I have been asked several times “Why that picture on the
front of your book?”
It is a hugely significant picture for me personally as I
took it in Paris when I was utterly, utterly broken. After an extremely painful
break up, two of my wonderful friends took me there on a short photography trip
and it was on a chilly Parisian afternoon in 2012 that I captured this shot and
it summed up perfectly how I was feeling at the time, exposed, raw and totally
off my guard. I had been a semi professional photographer for several years at
that point and wondering around with my camera, usually in far less glamorous
locations, had kept me grounded throughout many hard times but this latest bump
in my road had really knocked me to the kerb. Homeless and jobless, it felt
like my camera was the only possession of any value that I did have left and as
I wondered around the fields near my mother’s house, where I had fled to in my hour
of need, I tried to connect with nature through the lens in the way I had
before, it wasn’t really working but I tried. I had mentioned that I was
struggling to ‘find my eye’…and everything else for that matter…to my friends.

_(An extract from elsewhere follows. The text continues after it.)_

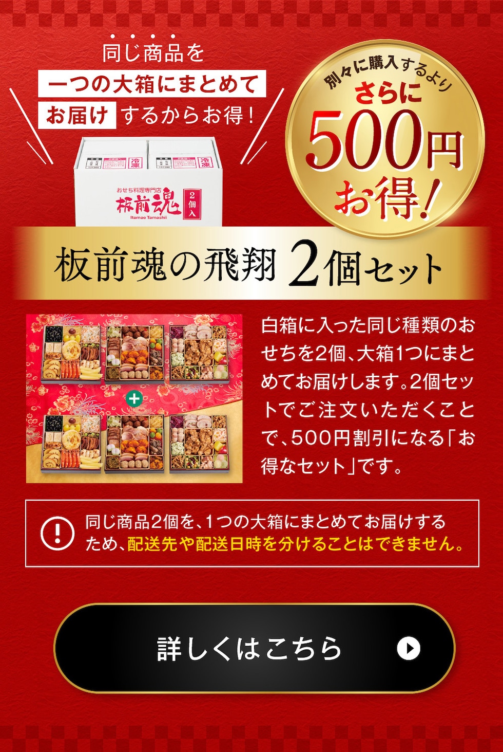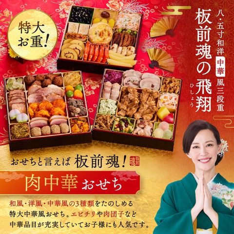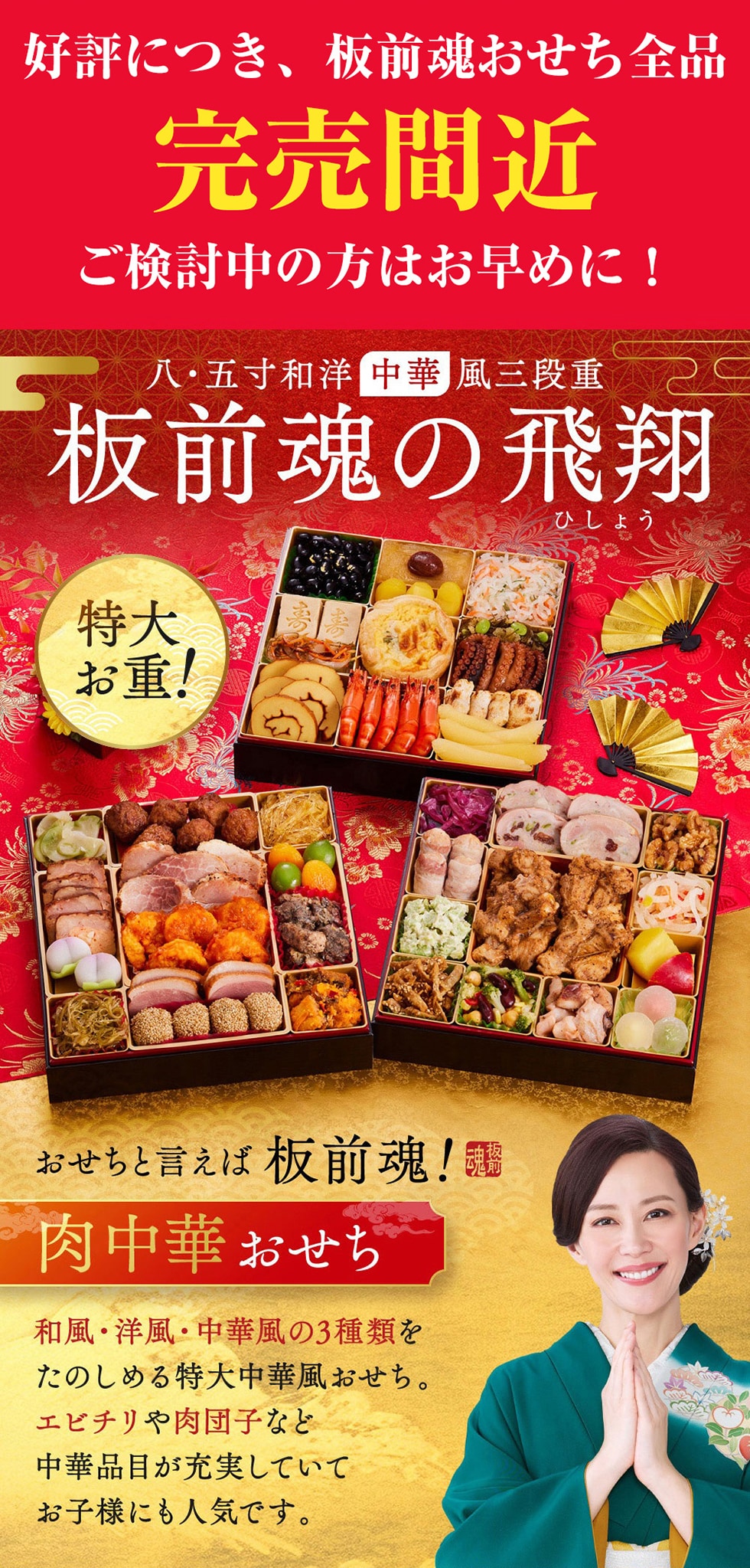 板前魂のおせち料理は、函館、小樽 、仙台、 築地 、山梨、金沢、浜松、 京都 、下関、 博多 、鹿児島など日本や海外の産地をまわり厳選した食材を使用し、有名店やホテルで修行したシェフや繁盛店を営む板長といった4人の匠が監修しています。

Right! they said, photographers themselves, we need a trip. So off we went to
Paris, a place one cannot fail to find something inspiring to photograph!
The first day, I
struggled. The second day, with the warm encouragement of my friends, the pain
haze began to lift a little and Paris came into view through the blur. I took a
couple of shots that were okayish. On the third day, we walked to photograph
the bridges over the Seine, the main river through Paris and particularly the
locks that adorn them. Locks can be purchased and messages written on them,
messages of love and remembrance and whilst we were there snapping away, men
were down on one knee proposing to the cheers of happy, excited on lookers…it
was all a bit too much for a broken hearted woman like me so I wondered off to
be alone for a few moments and reflect. As I stood on the next bridge, my tears
dropping into the flowing river, also full of locks, thrown in in hopefully anticipation
of happy futures, I contemplated mine and how I would get from where I was now,
to the marriage proposal that I so wanted. It seemed an impossibly enormous mountain
to climb in that moment.
And as I mused over how I was going to do this, my eye was
caught by a young woman who seemed pretty irritated and uncomfortable. She was
wearing a very inappropriate little black dress for the breezy Parisian weather,
when the rest of us where bundled up in coats and her hair was giving her all
sorts of problems blowing over her red lipsticked face. She did not look like
she was enjoying her view of the Eiffel Tower across the river at all! I watched
her, realising that she looked a lot like I did back in the days when I was
dating bad men, dress way too short, everything in full view and my long black
hair wildly trying to attract attention. She was getting looks no doubt about
it but they weren’t admiring ones. I felt a little sorry for her, she was
trying way too hard to get noticed and it wasn’t making her at all happy. Hmm I
knew that feeling. Then I noticed the photographer, she was a model! He was a
distance away from her so it wasn’t obvious at first that her posturing and
preening was for him but she was trying soo hard to give him what he wanted,
despite her physical discomfort and obvious embarrassment that her skirt was
blowing up in the wind, as he barked and growled his orders over and over again
at her. HA I thought, I know THAT feeling too! You’re all dressed up to the
nines, giving it your all, exposing your inner most self, finding yourself humiliated
and exhausted and it still isn’t good enough for him!!
I had to capture this
lightbulb moment for me, with my camera, I had to have a reminder of this scene
because if I was to go home to England and have the future that I wanted, I
never should be preening and posing, compromising and exposing myself to get a
man EVER again. I had realised in that moment, standing there alone on a bridge
in Paris, that I was going to have to change everything about how I was looking
for love. So, I printed this picture out when I got home and framed it and it hung
on my wall and all through the next three years of dating disasters, it reminded
me to keep on my path to find love and NOT fall back into my previous habit of
trying to please the type of men that just weren’t good for me. This picture
was my inspiration to find the man and the love that I really deserved and to
never be that manipulated and publicly humiliated woman again. This picture
that is now on the front of my book “Why Good Women Date Bad Men” was a hugely
important part of my happy ever after journey which resulted in a down on one
knee proposal from my darling husband and I hope it will be to other women who
look at it and use the book to help them find their Good Man.